Sadly, Miguel and Maya only live near one grandparent, Verna’s father, Martin, who continues to play a major role in their lives, so they won’t have the same, expansive relationship with multiple grandparents as I did. And Maya especially did not have enough years with Chela, who absolutely adored her last grandchild. I won’t even mention that Chela did not live to see her first great-granddaughter, Lola Chela, enter this world on the final day of 2008.

But back to my grandparents: My mother’s father, Sam Bernstein, came to this country from Russia some time after the Bolshevik Revolution. His father, Benny, raised him because his mother wasn’t well physically or mentally. She died when Sam was young. Benny was often harsh and distant.

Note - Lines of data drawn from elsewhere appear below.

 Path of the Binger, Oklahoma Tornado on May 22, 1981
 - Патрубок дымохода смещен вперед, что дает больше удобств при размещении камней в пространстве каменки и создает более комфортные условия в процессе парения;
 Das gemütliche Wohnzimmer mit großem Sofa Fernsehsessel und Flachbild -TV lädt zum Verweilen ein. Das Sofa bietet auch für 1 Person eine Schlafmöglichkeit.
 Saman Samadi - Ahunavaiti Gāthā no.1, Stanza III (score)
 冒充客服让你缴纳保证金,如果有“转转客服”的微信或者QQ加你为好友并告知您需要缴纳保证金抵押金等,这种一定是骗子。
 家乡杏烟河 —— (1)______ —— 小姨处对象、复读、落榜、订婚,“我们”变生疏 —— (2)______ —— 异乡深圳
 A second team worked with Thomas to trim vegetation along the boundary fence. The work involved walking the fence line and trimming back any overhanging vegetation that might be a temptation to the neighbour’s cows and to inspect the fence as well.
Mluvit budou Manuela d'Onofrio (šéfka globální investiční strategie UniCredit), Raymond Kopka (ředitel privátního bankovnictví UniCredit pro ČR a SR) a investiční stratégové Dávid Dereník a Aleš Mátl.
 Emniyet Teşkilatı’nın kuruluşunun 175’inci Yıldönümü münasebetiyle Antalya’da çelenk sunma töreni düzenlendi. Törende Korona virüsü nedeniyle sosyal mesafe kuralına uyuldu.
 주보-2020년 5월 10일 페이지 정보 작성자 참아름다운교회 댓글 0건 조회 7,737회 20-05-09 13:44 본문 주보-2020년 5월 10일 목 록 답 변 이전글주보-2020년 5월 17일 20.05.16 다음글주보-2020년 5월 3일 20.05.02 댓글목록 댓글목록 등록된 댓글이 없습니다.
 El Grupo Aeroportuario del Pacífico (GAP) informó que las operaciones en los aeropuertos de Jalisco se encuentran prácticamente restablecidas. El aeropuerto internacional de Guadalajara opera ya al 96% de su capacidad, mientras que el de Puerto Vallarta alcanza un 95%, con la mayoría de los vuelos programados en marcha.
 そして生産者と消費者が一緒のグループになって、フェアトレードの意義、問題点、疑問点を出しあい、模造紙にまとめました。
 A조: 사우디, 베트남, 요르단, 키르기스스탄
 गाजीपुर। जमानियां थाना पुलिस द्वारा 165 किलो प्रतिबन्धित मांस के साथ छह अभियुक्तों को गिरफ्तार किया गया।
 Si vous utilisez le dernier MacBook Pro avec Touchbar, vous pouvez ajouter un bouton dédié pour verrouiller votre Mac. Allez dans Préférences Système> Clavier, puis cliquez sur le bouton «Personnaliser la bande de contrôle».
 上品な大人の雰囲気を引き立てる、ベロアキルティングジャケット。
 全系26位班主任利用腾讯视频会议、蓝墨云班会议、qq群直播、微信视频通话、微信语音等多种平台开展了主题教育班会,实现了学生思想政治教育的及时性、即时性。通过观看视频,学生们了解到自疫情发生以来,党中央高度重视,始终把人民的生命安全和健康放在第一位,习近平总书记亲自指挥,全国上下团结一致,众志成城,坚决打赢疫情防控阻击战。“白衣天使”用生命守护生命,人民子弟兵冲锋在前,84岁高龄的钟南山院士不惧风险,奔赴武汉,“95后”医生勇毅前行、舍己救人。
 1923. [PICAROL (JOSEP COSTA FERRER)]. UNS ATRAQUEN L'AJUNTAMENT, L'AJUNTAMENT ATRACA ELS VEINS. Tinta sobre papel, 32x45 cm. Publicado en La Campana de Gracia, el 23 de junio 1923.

Sam died when I was 12 so I really didn’t know him well. I remember him giving me a Tonka truck when I 10 for my birthday (that was when Tonka trucks were really sturdy and metal). Another time my mom gave him a lunchbox for either Father’s Day or his birthday and he cried. He was not overly educated, but he loved to create and solve math problems, and then beam with pride when my mother or I checked his work.

My paternal grandmother, Fannie Friedman, was cold and demanding at times. She made great matzah ball soup and pickled tomatoes, which she left in jars on her porch. She died in 1988 when I was 29.

She was, er, frugal. She would send us to the store for a dozen eggs with two dollars and expect the change back. One time she treated me to bingo night at the synagogue and I won the coverall and $50. She said I had to split it with her because she’d paid for my bingo cards. Then one of my cousins asked me what I planned to do with the money. It was late August.

“I’m going to use it to buy school clothes,” I answered.

Fannie then gave me the other $25. “Since I was going to give you money for school anyway,” she said, “I might as well give it to you now.”

I loved sleeping over her house in East Hartford, CT, which she shared with my grandfather, Myer, Myer’s sister-in-law, Lillian, and another boarder, Simon Rutt, the father-in-law of Myer and Fannie’s daughter, my Aunt Sari. We always got to eat candy, play cards, watch TV, and one year, on New Year’s Eve I think they let me and a neighbor sleep in their bed.

Myer died in 1992 of congestive heart failure. He was 86. He was one of the most compassionate people I’ve ever met. After he retired he continued to work part-time as an aide to physically disabled adults. He regularly chauffeured people to synagogue for morning and evening prayers, no matter the weather. He religiously cut coupons out of the newspaper and either shared them with family, used them himself, or left them on the items in the stores.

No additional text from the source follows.